WORK TO COMPLETE:
An exact copy of the lines from the start of the material below through the line containing "第二篇章,洪雨洁同志从入党的" is the required answer, and it includes no pictures.

DATA EXTRACT:
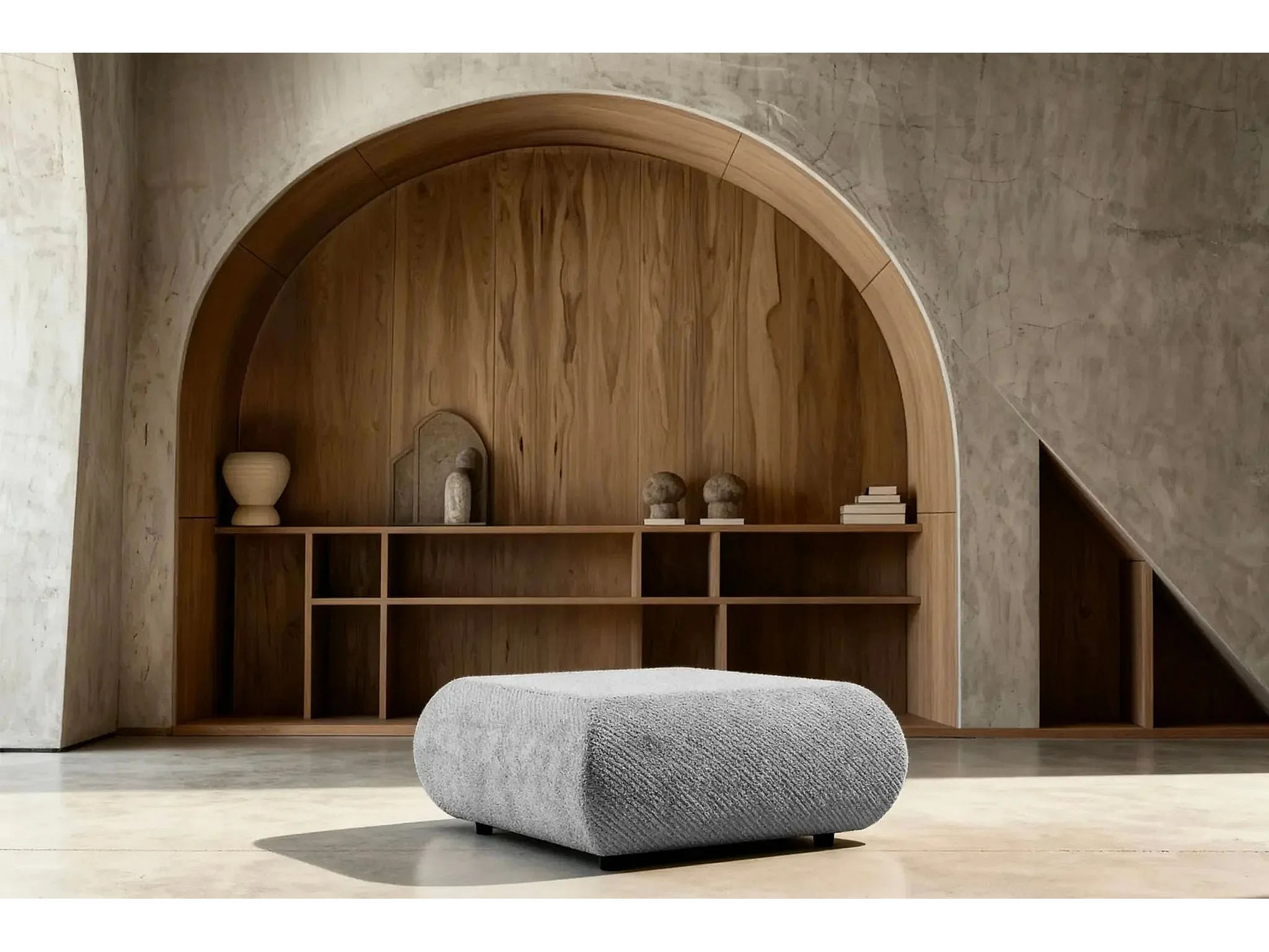 LEVI - Pouf en tissu lisse Gris clair 88x88x41
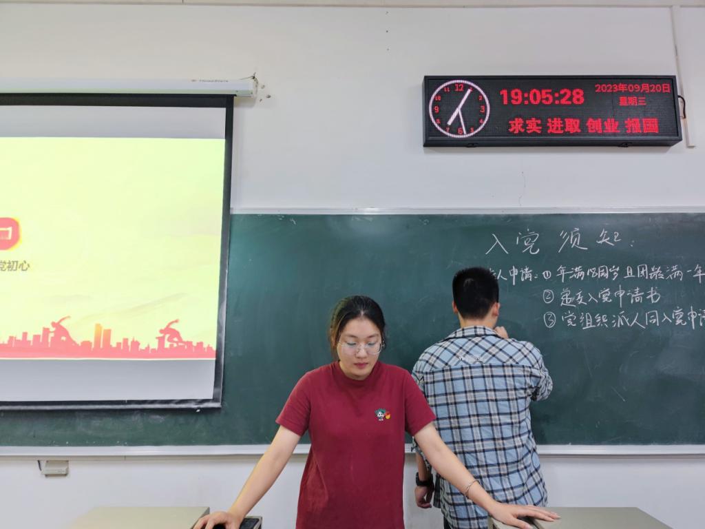 第二篇章,洪雨洁同志从入党的标准和条件、入党流程、入党申请书的撰写格式展开详细介绍。首先,向新生们介绍了入党的四个基本条件,其次,从“入党申请人-入党积极分子-发展对象-预备党员-正式党员”五个阶段介绍了发展党员的具体流程和要求,同时为新生详细讲解了入党申请书的基本格式以及入党推优的条件。
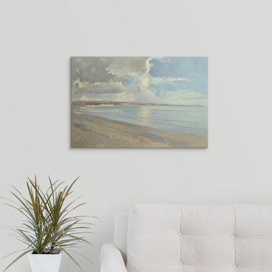Gallery-wrapped canvas entitled, "Reflected Clouds, Oxwich Beach, 2001".A contemporary, realistic landscape painting of a sandy beach on a partially cloud day.Our wrapped canvases feature a proprietary design that prevents warping or sagging over time. By using archival inks and artist-grade canvas, our premium canvases are sure to add that extra touch to any space. Lastly, our canvases are finished with a closed back that incorporates pre-installed hanging hardware for easy installation.

EXERCISE RESULT:
 LEVI - Pouf en tissu lisse Gris clair 88x88x41
 第二篇章,洪雨洁同志从入党的标准和条件、入党流程、入党申请书的撰写格式展开详细介绍。首先,向新生们介绍了入党的四个基本条件,其次,从“入党申请人-入党积极分子-发展对象-预备党员-正式党员”五个阶段介绍了发展党员的具体流程和要求,同时为新生详细讲解了入党申请书的基本格式以及入党推优的条件。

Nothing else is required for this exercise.